On today's show, Democratic strategist and News & Notes regular Donna Brazile said she was "offended" by questions of Ifill's impartiality. "The book's not even out yet," she said. "Attacking the press has become a central front in the strategy of winning votes," she added. Brazile also said no one would question presidential moderator Jim Lehrer in the same way, even though he is of the same race as John McCain.

Judy Woodruff of PBS came to Ifill's defense today, saying, "Gwen Ifill is a reporter.
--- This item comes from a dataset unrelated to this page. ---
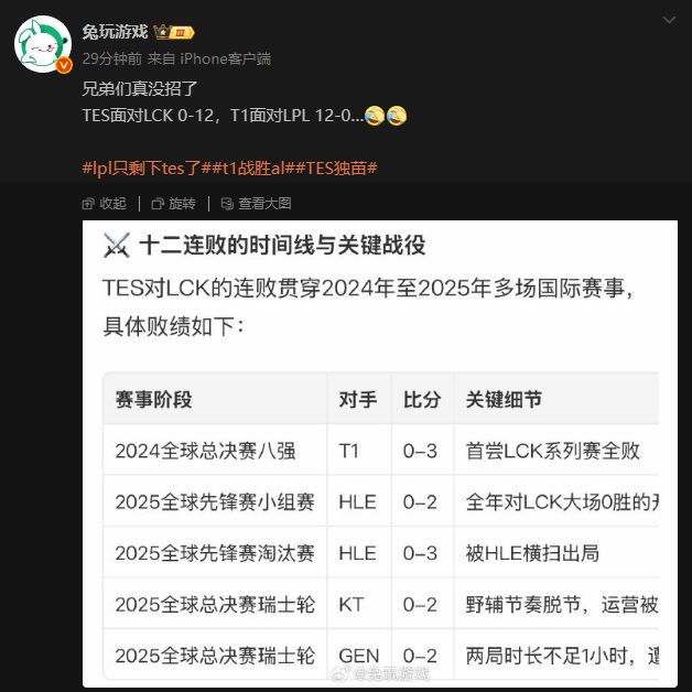 12場敗績是沉重的枷鎖,也是奮起的座標。當Kanavi的打野節奏對上T1的運營體系,當TES的團戰激情碰撞T1的老道經驗,這場比賽早已超越勝負本身。若能贏下,TES將改寫LPL的抗韓歷史,成爲賽區新的英雄;即便失利,這場對決也將爲LPL留下寶貴的抗韓經驗。

She is not someone who delivers opinion and I know that that is not the type of book she is involved in."

This is how the publisher describes the book:

In THE BREAKTHROUGH, veteran journalist Gwen Ifill surveys the American political landscape, shedding new light on the impact of Barack Obama's stunning presidential campaign and introducing the emerging young African American politicians forging a bold new path to political power.

Ifill argues that the Black political structure formed during the Civil Rights movement is giving way to a generation of men and women who are the direct beneficiaries of the struggles of the 1960s. She offers incisive, detailed profiles of such prominent leaders as Newark Mayor Cory Booker, Massachusetts Governor Deval Patrick, and U.S. Congressman Artur Davis of Alabama, and also covers up-and-coming figures from across the nation. Drawing on interviews with power brokers like Senator Obama, former Secretary of State Colin Powell, Vernon Jordan, the Reverend Jesse Jackson, and many others, as well as her own razor-sharp observations and analysis of such issues as generational conflict and the "black enough" conundrum, Ifill shows why this is a pivotal moment in American history.

THE BREAKTHROUGH is a remarkable look at contemporary politics and an essential foundation for understanding the future of American democracy.

UPDATE: Ifill Responds: "The proof is in the pudding."